Добыча с довольным видом потер руки. Он сам удивлялся, что его сухой, бесполезный колодец, который он затеял копать только с досады на гончаров и уже думал переделать под погреб, вдруг поможет чуду, спасет весь город. Но замочник гордился собой, как будто заранее все это предвидел.

— Да нет, каша не годится, — сказал Надежа. — Кашу варить надо, — ведь не скажешь, что она в земле сама варится.
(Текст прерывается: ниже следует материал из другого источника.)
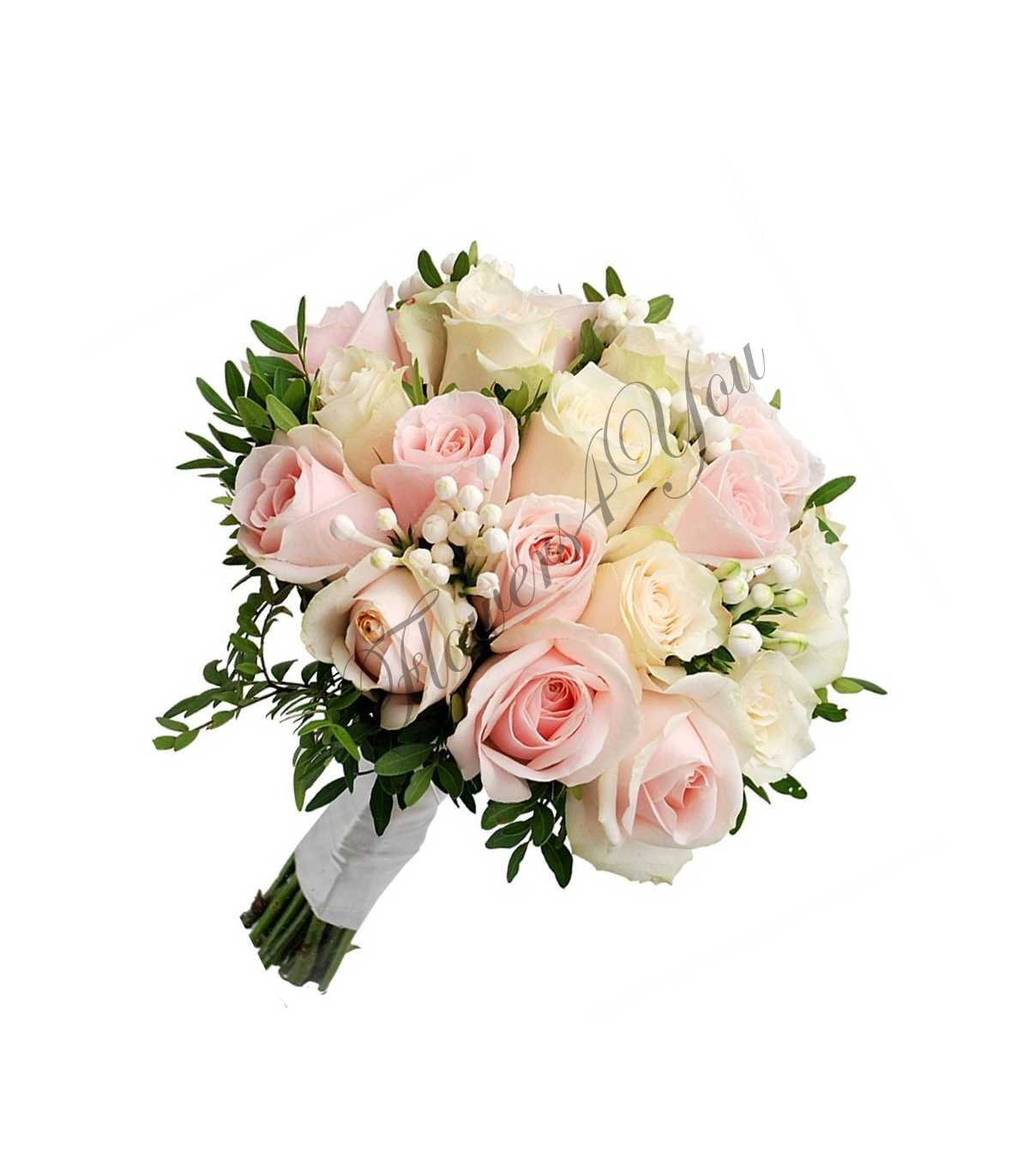 Buchete de mireasa din 15 trandafiri roz pal, 9 trandafiri albi, 5 buvardia.

Что-то иное надобно…

— Кисель! — сказала старостиха Пелагия. — Намешаем овсяной болтушки, нальем в бадью, а бадью в колодец поставим. Позовем печенегов в город, хана ихнего или сыновей его, а потом при них болтушки зачерпнем, кисель сварим да угостим их. Меня в стряпухи позовите, я такой кисель сварю, что сам хан к нам в город жить попросится, к нашему чудесному колодцу поближе! И мы, чай, не глупее греков!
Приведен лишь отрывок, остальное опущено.